Cognitive Stages of Learning
Within the field of sport psychology, three distinct phases of skill acquisition have been identified according to the now classic Fitts and Posner model :
- Cognitive Stage
- Associative Stage
- Autonomous Stage
Of particular importance to us is the cognitive stage of learning. This is because of the fact that during childhood and throughout adolescence, this age of athlete (or child in general) is primarily in the cognitive stage. During this phase, the athlete relies heavily on the coach for simple cues to ensure a high success rate in this phase as they are not always aware of what they did wrong, nor how to correct it. To reinforce successful attempts, external feedback must be given by the coach.
The coach plays a crucial role in this stage of development reinforcing the point made in part 1 of this series that youth strength and conditioning is safe only in the presence of qualified personnel. As mentioned earlier in this article, having smaller coach to athlete ratios than in your typical gym class enables the coach to play a more proactive role in teaching the key movement competencies which were covered in part 2.
To conclude part 3, due to the differences in chronological age, biological age, training age and peak height velocity, it is vital that youth strength and conditioning programmes are individualised, through the process of differentiation, within a group setting. Additionally, it is crucial that the coach is always on-hand to provide instant feedback during this process as, with athletes of this age being in the cognitive stage of learning, constant coach feedback plays a crucial role in the successful acquisition of the new skill.

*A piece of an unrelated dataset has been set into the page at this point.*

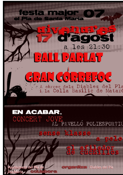
Organitza: Diablers del Pla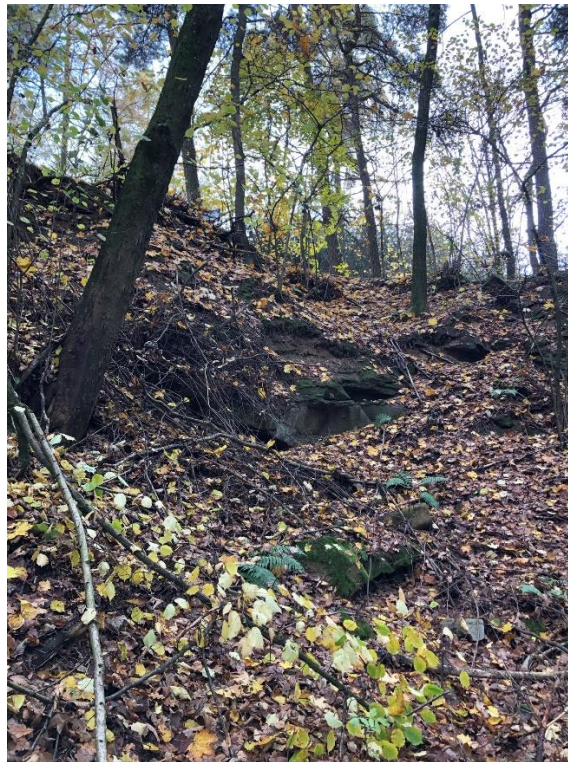
Foto 18.2. Pohled na skalní výchoz.

When we look back at all 3 parts of this blog series, what have we learnt?
- Youth strength and conditioning is perfectly safe as long as it is conducted in a safe training environment under the watchful eye of a qualified coach.
- Contrary to what some may think, youth strength and conditioning is not centred on lifting heavy weights but is focused on improving fundamental movement skills and key movement qualities.
- In order for athletic development to be optimal an athlete-centred process, achieved through differentiation, must occur even within a group setting due to the varying rates at which youth athletes physically develop.
References G. P. Beunen and R. M. Malina, ‘Growth and biologic maturation: relevance to athletic performance’, in H. Hebestreit and O. Bar-Or (eds.), The Child and Adolescent Athlete (Oxford, 2008), pp. 3-17.  R. Lloyd & A. Faigenbaum, ‘Age- and Sex-Related Differences and Their Implications for Resistance Exercise’, in G. Haff & T. Triplett (eds.) Essentials of Strength and Conditioning (Leeds, 4th ed., 2016), pp. 135-54.  R. M. Malina, C. Bouchard and O. Bar-Or, Growth, Maturation and Physical Activity (Champaign, 2004).  R. Lloyd and J. Oliver, ‘Developing Younger Athletes’, in D. Joyce & D. Lewindon (eds.) High-Performance Training for Sports (Human Kinetics, 2014), pp. 15-28.  L. Micheli, ‘The Child Athlete’, in R. Cantu & L. Micheli (eds.) ACSM’s Guidelines for the Team Physician (Philadelphia, 1991), pp. 228-41.  P. Fitts & M. Posner, Human Performance (California, 1967).